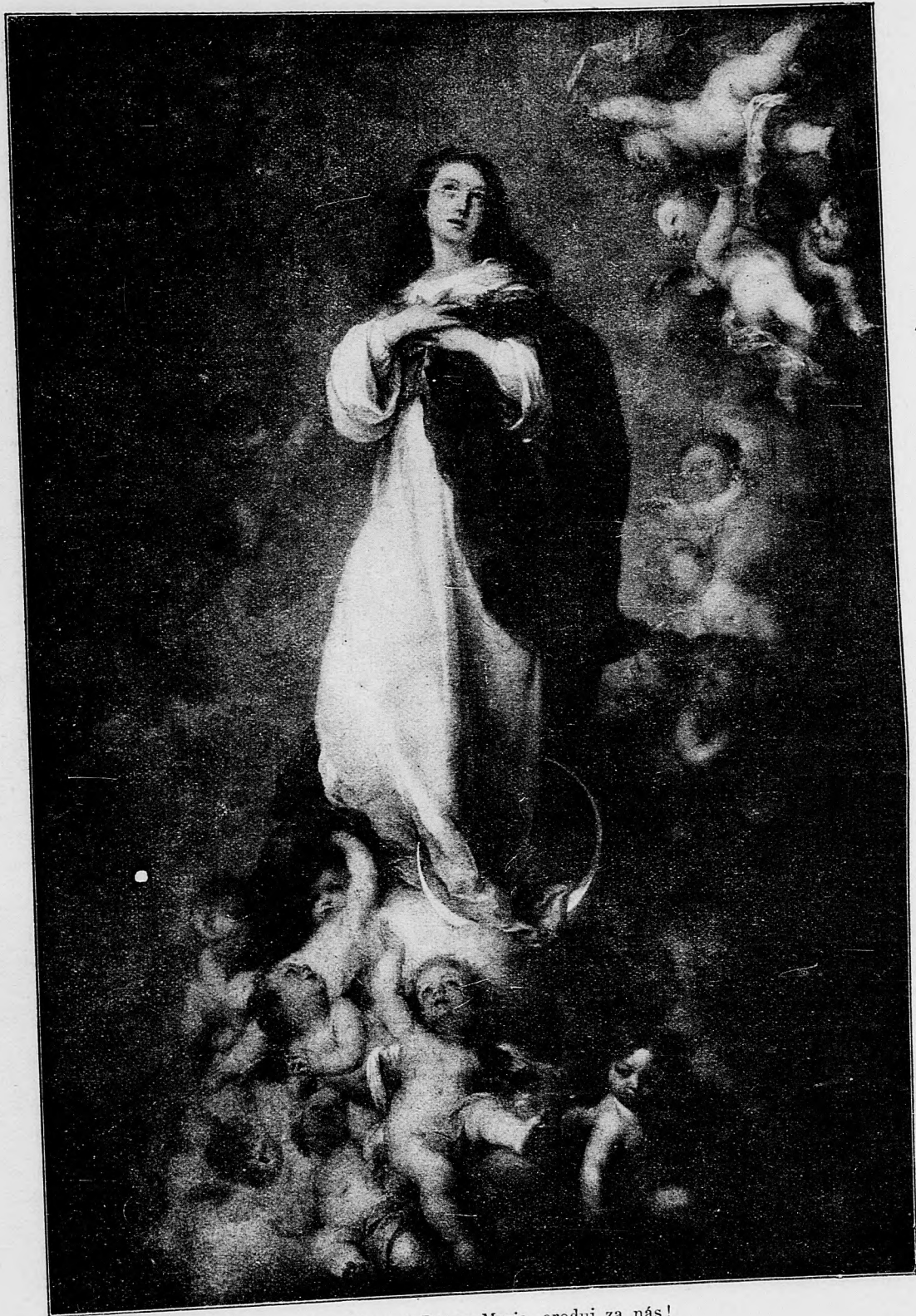
Blahoslavená Panno Maria, oroduj za nás!

lenými víťazstvami, ktoré, žiaľ Bohu, všetky boli na darmo. O všelijakých huncútstvach tejto smutnej doby nechcel som obširnejšie písať, ač práve sme z toho dost tu mali. Nitrianska stolica, neviem prečo, musí vždy na
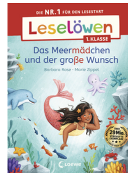
Leselöwen 1. Klasse - Das Meer mädchen und der große Wunsch
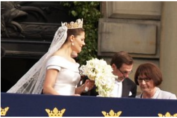
Kronprinsesse Victoria bar sin mors, dronning Silvias, brudeslør og diadem fra brylluppet, for 34 år siden med kong Carl Gustaf, den 19. juni 1976.
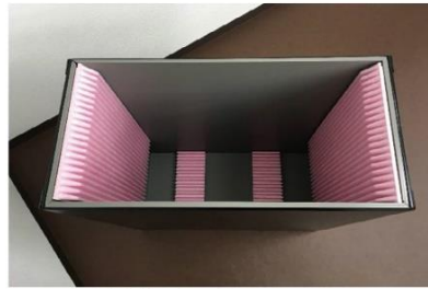
FPD用玻璃基板搬运专用箱 (塑料材质)
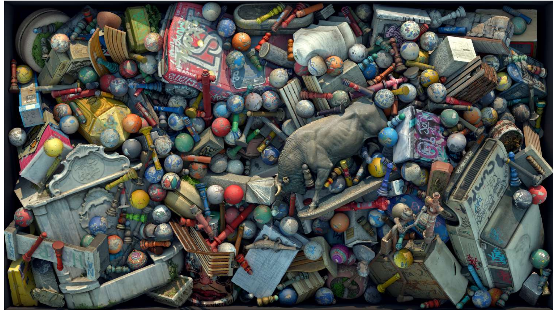
Kadıköy I, 2018 Fotogrametrik sanal yerleştirme | Photogrammetric virtual installation Diasec print | Diasec baskı 150 x 266 cm / Ed. 5 + 1 ap | 84 x 150 cm / Ed. 5 + 1 ap

Many local authorities in the West pay extra attention to maintaining street furniture to create an identity for the city. An example of this can be seen in Kadıköy, Bahariye Street's street furniture designs. Municipality of Kadıköy takes care of these ballards by painting them in different colours and naming them. Recently, the municipality re-painted the bollards and it is possible to see the old versions of these objects from the works of Oddviz. This concept of capturing change conveys the documentary feature of Oddviz's works. All of the works in the exhibition are scaled according to their real-life size. During the production phase of the works Oddviz spent a great amount of time in each of the neighbourhoods. Apart from the photo shoots, they gathered a large sum of information about the characteristics of each city. These street furnitures that are powerful on their own, further grow in depth once they're combined with others. Oddviz prefers to portray these wholesome compositions by creating patterns. These patterns reflect the reference of these street furniture while highlighting spatial understanding.
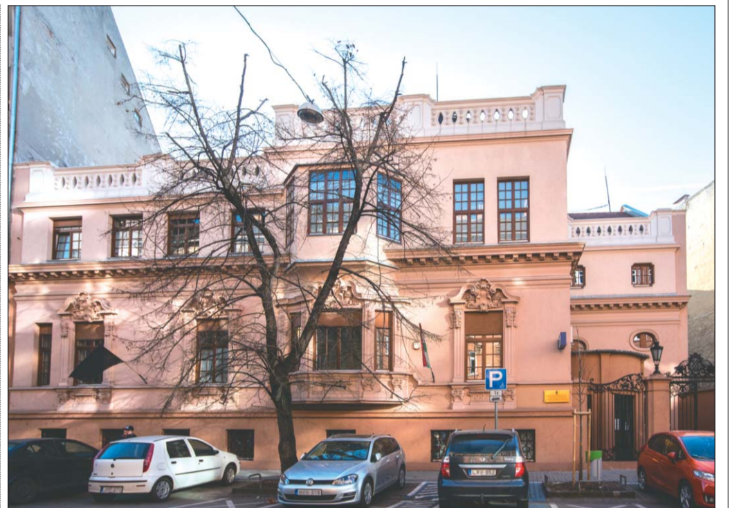
Kívülről már teljesen megújult a szakrendelő

- Úgy gondolom, hogy a második vagy harmadik negyedévben. Jelenleg az előkészítés zaj-
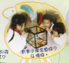
有多少條含魚的？4條呀。
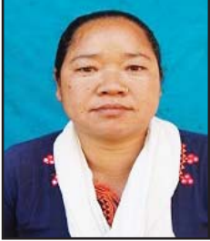
मुगा पुनमगर उपाध्यक्ष, माण्डवी गाउँपालिका

मुलुक संघीय संरचनामा गएसँगै गाउँगाउँमा स्थानीय सरकार गठन भएपछि बनेको माण्डवी गाउँपालिकामा जनतालाई न्याय दिलाउनका लागि जनप्रतिनिधिहरु दिनप्रतिदिन लागि रहेका छौं। गाउँपालिकामा उपाध्यक्षको संयोजकत्वमा न्यायिक समिति गठन भएको छ। स्थापनाको पहिलो वर्षदेखि नै न्यायिक समिति गठन गरेर हामीलाई राज्यले दिएको अधिकारभित्र रहेर न्यायिक कार्यसम्पादनलाई अघि बढाइ रहेका छौं। गाउँपालिकाबासी आम नागरीकहरुलाई अन्यायमा परेको महशुस नहुने गरी हाम्रो कार्यक्षमताले सकेसम्म जनताकै हितमा लागि रहेका छौं।

> _DIRECTIONS_: Copy the records above exactly, from the first line through the line containing "Kadıköy I, 2018", and leave out the pictures.

> _YOUR RESPONSE_:
Blahoslavená Panno Maria, oroduj za nás!

lenými víťazstvami, ktoré, žiaľ Bohu, všetky boli na darmo. O všelijakých huncútstvach tejto smutnej doby nechcel som obširnejšie písať, ač práve sme z toho dost tu mali. Nitrianska stolica, neviem prečo, musí vždy na
Leselöwen 1. Klasse - Das Meer mädchen und der große Wunsch
Kronprinsesse Victoria bar sin mors, dronning Silvias, brudeslør og diadem fra brylluppet, for 34 år siden med kong Carl Gustaf, den 19. juni 1976.
FPD用玻璃基板搬运专用箱 (塑料材质)
Kadıköy I, 2018 Fotogrametrik sanal yerleştirme | Photogrammetric virtual installation Diasec print | Diasec baskı 150 x 266 cm / Ed. 5 + 1 ap | 84 x 150 cm / Ed. 5 + 1 ap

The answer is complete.